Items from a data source
↓

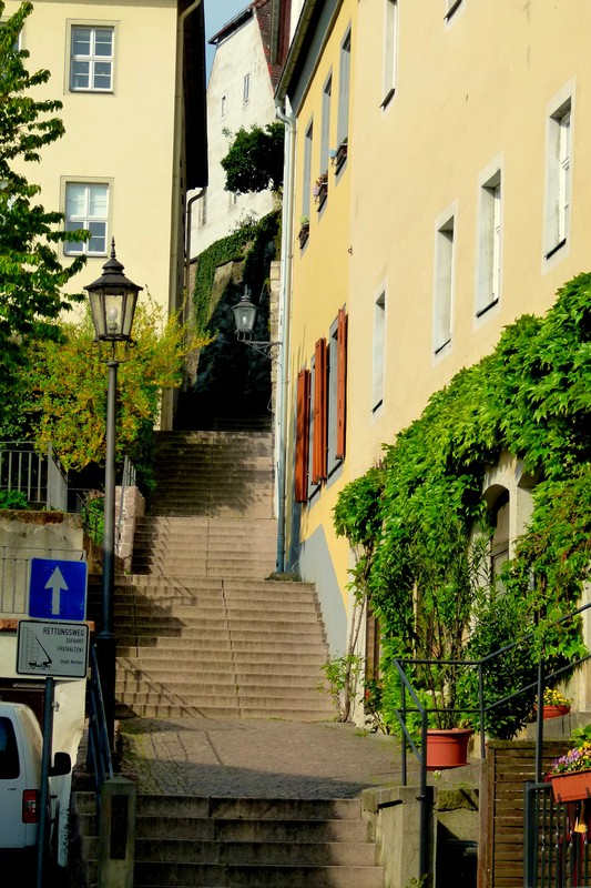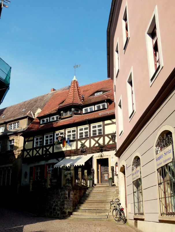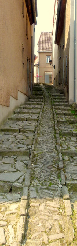 Vom Saaleufer führen enge, stark ansteigende Gassen zum Centrum.
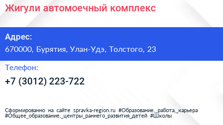 Жигули, автомоечный комплекс по адресу 670000, Бурятия, Улан-Удэ, Толстого, 23 в дальнейшем Организация, размещена в следующих категориях:
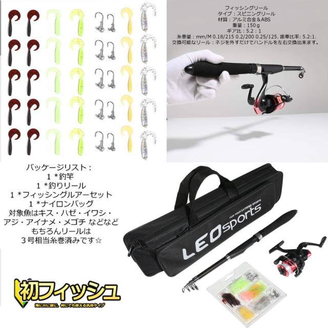 釣竿セット 2点セット 1.6m 釣りセット ルアーセット 初心者 子供 スピニングリール 海釣り 投げ釣り 釣り具 釣り竿セット 釣具セット コンパクト リール付きロッド ルアー ライン付 釣りバッグ付き
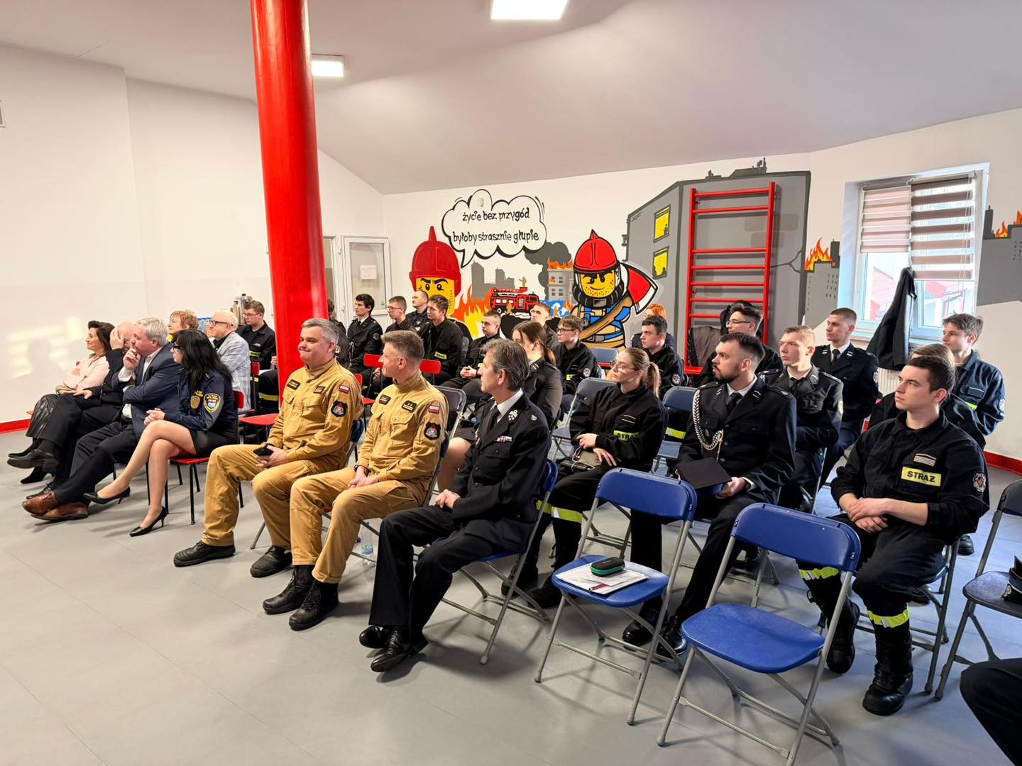 Invited guests attended the event, including Andrzej Hiszpański, President of the County Board of the Union of Volunteer Fire Departments of the Polish Commonwealth in Nowy Dwór Mazowiecki; Sebastian Sosiński, Mayor of Nowy Dwór Mazowiecki; Grażyna Nadrzycka, Chair of the City Council; Magdalena Biernacka, Starosta of Nowy Dwór County; and Zdzisław Szmytkowski, Member of the County Board.
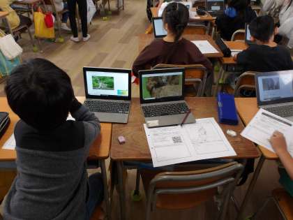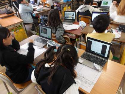 3年生が、「総合的読解力」の学習で、学習者用端末で調べた画像を参考にして資料を作成しています。
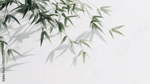 Naklejka premium Green bamboo leaves cast shadows on white background.
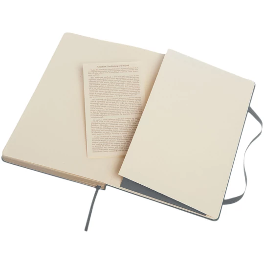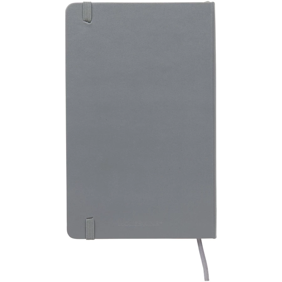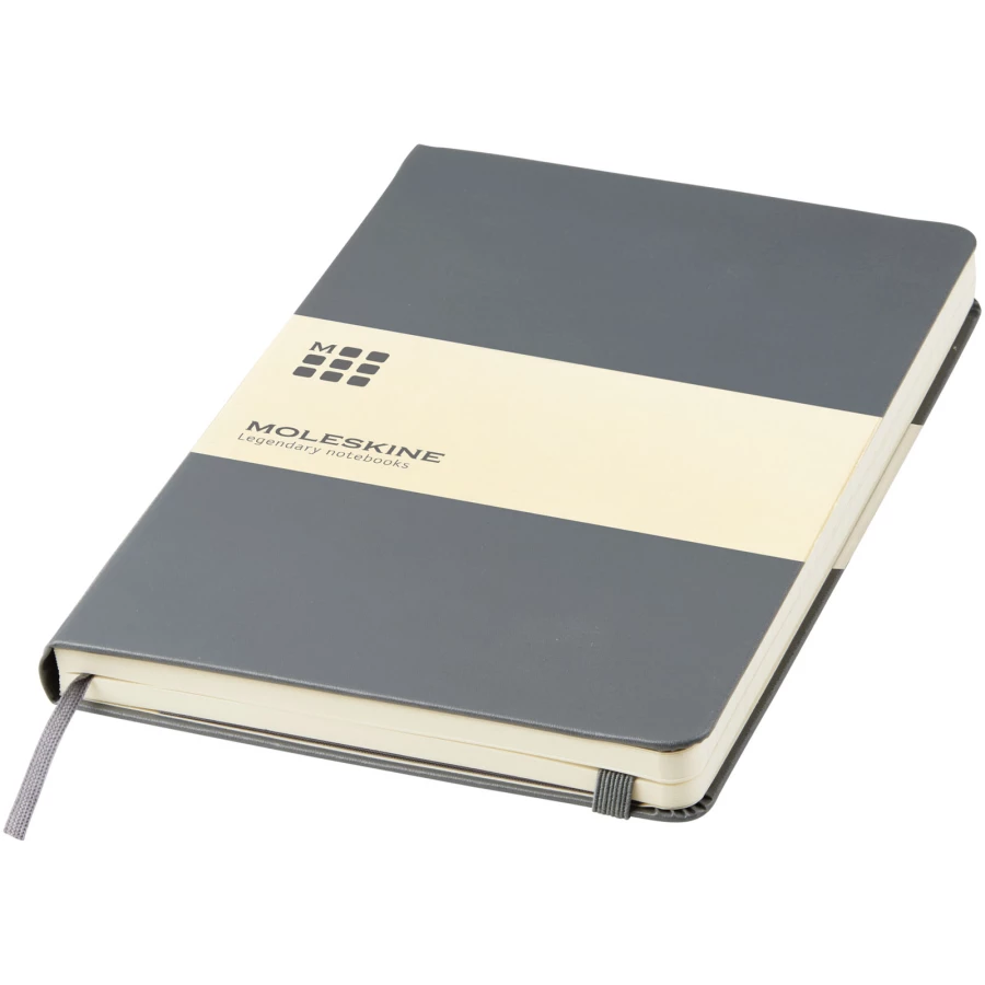 The Moleskine Classic large (13x21cm) hard cover notebook features a cardboard bound cover with rounded corners, acid free paper, a ribbon bookmark and elastic closure. On the first page in case of loss notice with space to jot down a reward for the finder. Attached to the back cover an expandable inner pocket that contains the Moleskine history. The pocket can be used for loose papers and notes. Contains 240 ivory-coloured ruled pages. Available in a wide range of stylish vibrant colours.
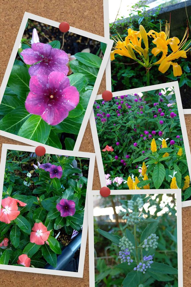 最近の花壇のお花でスマホが勝手にコラージュしてくれました🥰

↑

## What the exercise asks
Output exactly the lines from the first line of the records through the line containing "釣竿セット 2点セット 1.6m". Leave out every picture.

## Your response
 Vom Saaleufer führen enge, stark ansteigende Gassen zum Centrum.
 Жигули, автомоечный комплекс по адресу 670000, Бурятия, Улан-Удэ, Толстого, 23 в дальнейшем Организация, размещена в следующих категориях:
 釣竿セット 2点セット 1.6m 釣りセット ルアーセット 初心者 子供 スピニングリール 海釣り 投げ釣り 釣り具 釣り竿セット 釣具セット コンパクト リール付きロッド ルアー ライン付 釣りバッグ付き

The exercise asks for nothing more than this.